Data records
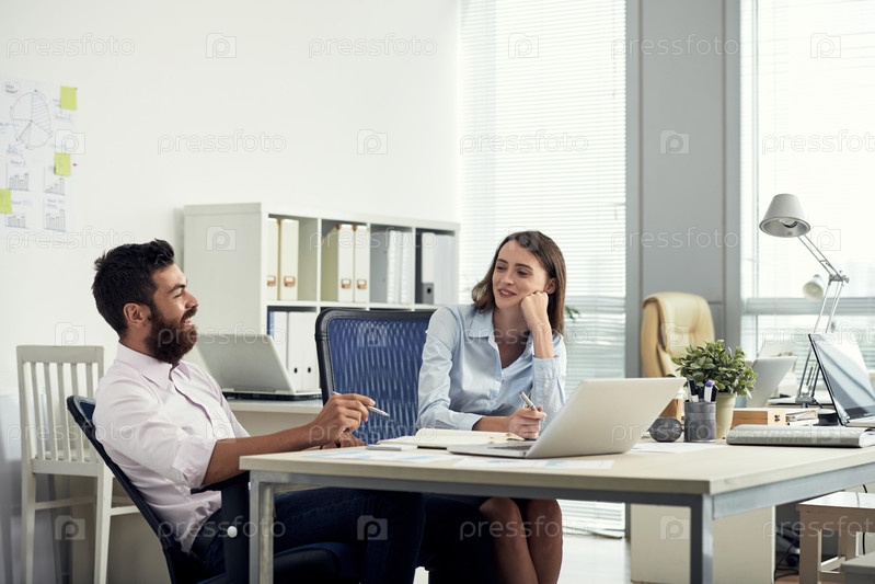 Улыбающиеся, расслабленные коллеги разговаривают в офисе
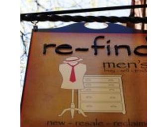 Shelley Matthews, owner of re-find men hand selects new and used clothing for her store and is confident she has a selection that will appeal to any man - from the steampunk to a dad or even a guy who works at a tattoo shop.
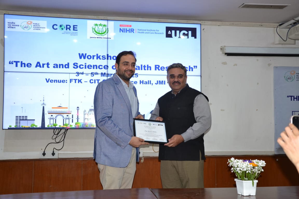 Invited as Resource Person/Guest Speaker on topic titled; Defining a Research Problem and Question; at the Workshop, organised by on The Art and Science of Health Research, organised at Jamia Millia Islamia, New Delhi, by the NIHR Global Health group on Oral Health, India Team
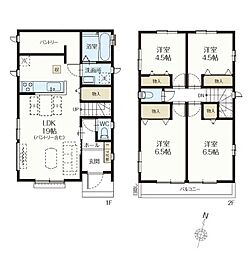 間取り内訳:リビングダイニングキッチン 19帖(1階)・洋室 6.5帖(2階)・洋室 6.5帖(2階)・洋室 4.5帖(2階)・洋室 4.5帖(2階)
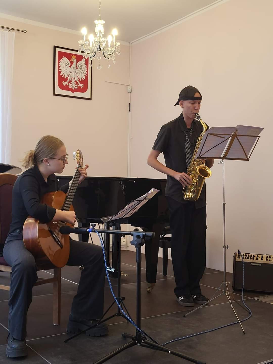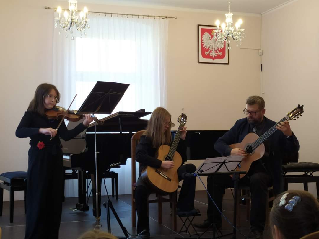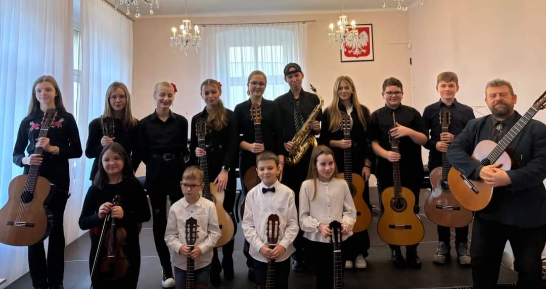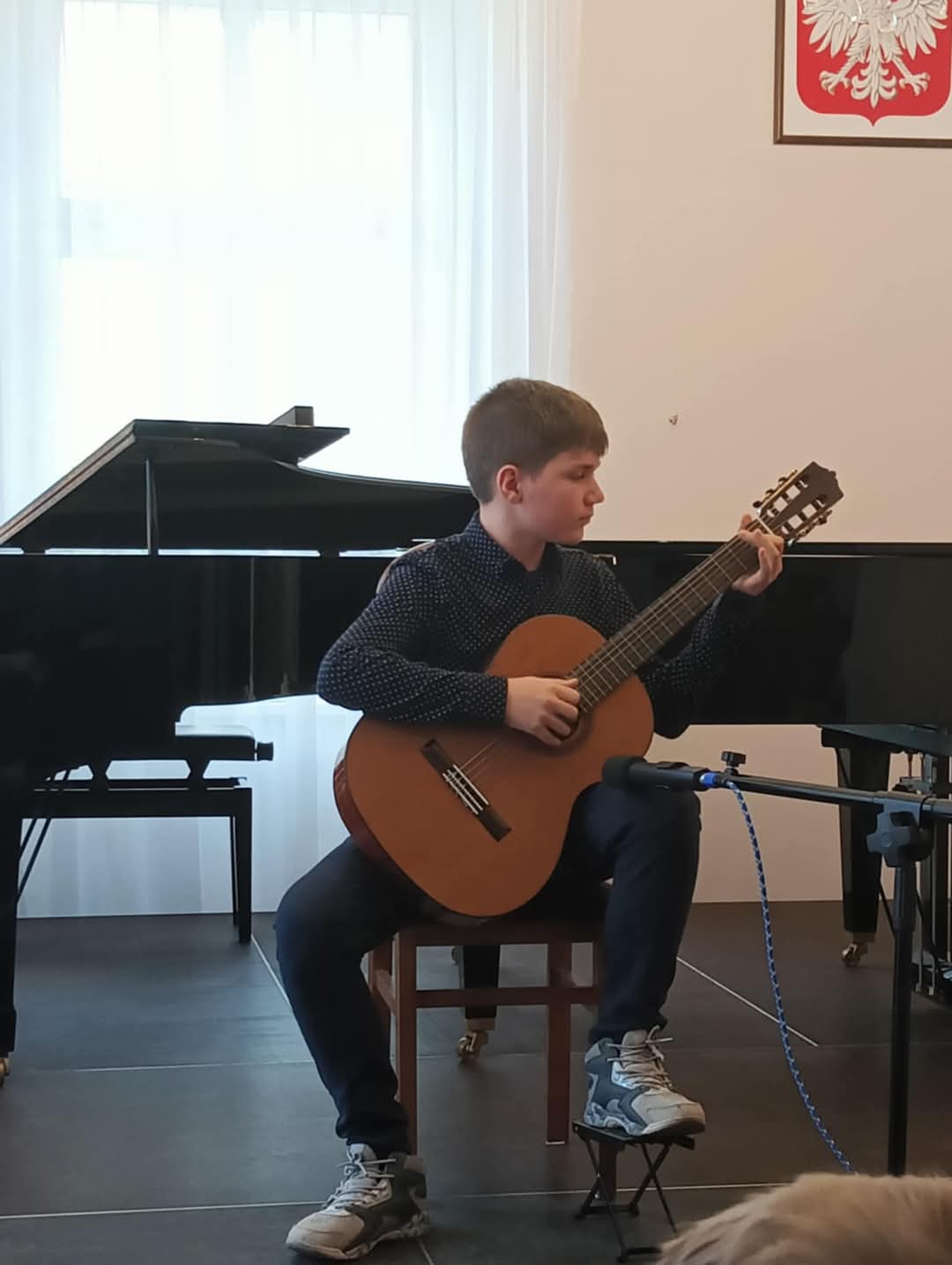 W sobotę 16 listopada br. w naszej szkole zaprezentowali się na szkolnej scenie uczniowie klasy gitary Witolda Kozakowskiego w koncercie pt. "Gitara w barwach jesieni". Wystąpili soliści oraz zespoły, także mniej typowe, np. fortepianowo-gitarowy czy gitarowo-saksofonowy. Wszyscy występujący byli solidnie przygotowani a liczna publiczność dziękowała młodym artystom głośnymi oklaskami. Gratulujemy wszystkim udanego koncertu!
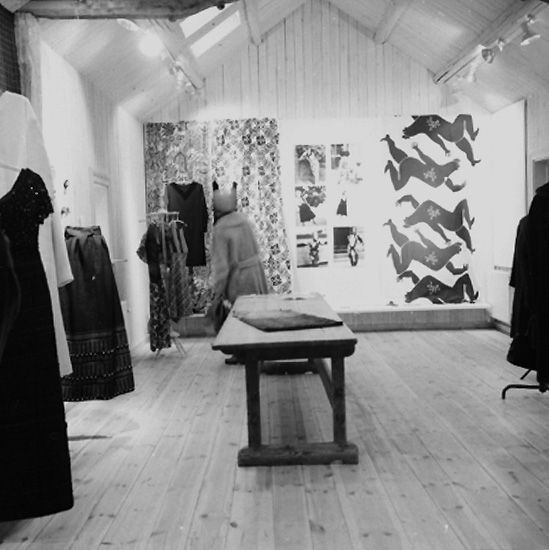 Klädutställning i Wadköping, interiör av utställningssalen, en kvinna.
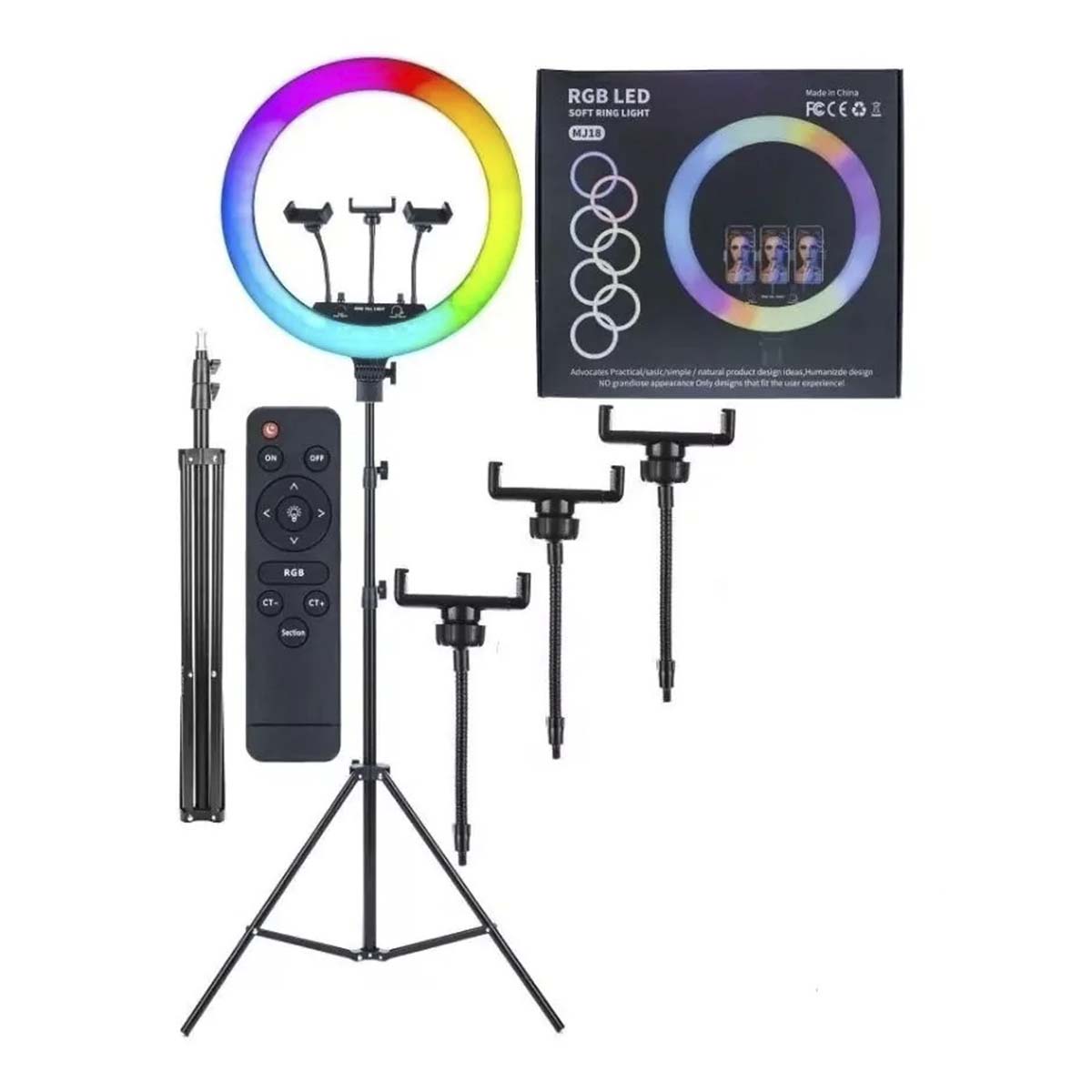 Incluído no pacote: Ring Light de 18, fonte de alimentação, controle remoto, três suportes de celular e um tripé ajustável, com altura mínima de 47cm e máxima de 190cm.
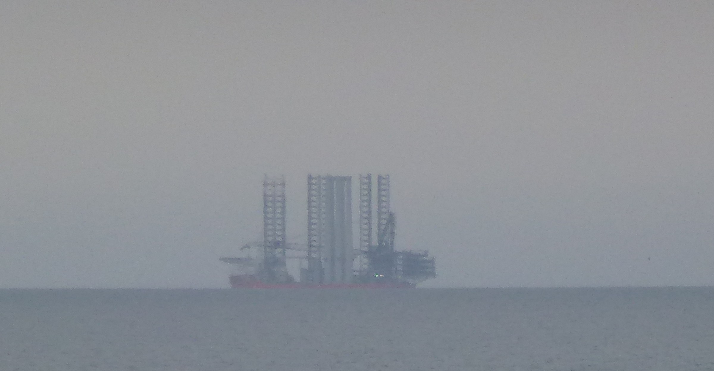 Thursday, and an evening visit to the beach, where this contraption was a long way away on the horizon. Unfortunately I only had my compact camera with me, not the XLR with the telephoto lens, so this is the best picture I could manage. I presume it is something to do with the oil / gas drilling industry. |

WORK ITEM:
Pictures stay out. Transcribe the lines from the start of the entries above through the line with "間取り内訳:リビングダイニングキッチン 19帖(1階)・洋室 6.5帖(2階)・洋室", exactly.

TASK RESULT:
 Улыбающиеся, расслабленные коллеги разговаривают в офисе
 Shelley Matthews, owner of re-find men hand selects new and used clothing for her store and is confident she has a selection that will appeal to any man - from the steampunk to a dad or even a guy who works at a tattoo shop.
 Invited as Resource Person/Guest Speaker on topic titled; Defining a Research Problem and Question; at the Workshop, organised by on The Art and Science of Health Research, organised at Jamia Millia Islamia, New Delhi, by the NIHR Global Health group on Oral Health, India Team
 間取り内訳:リビングダイニングキッチン 19帖(1階)・洋室 6.5帖(2階)・洋室 6.5帖(2階)・洋室 4.5帖(2階)・洋室 4.5帖(2階)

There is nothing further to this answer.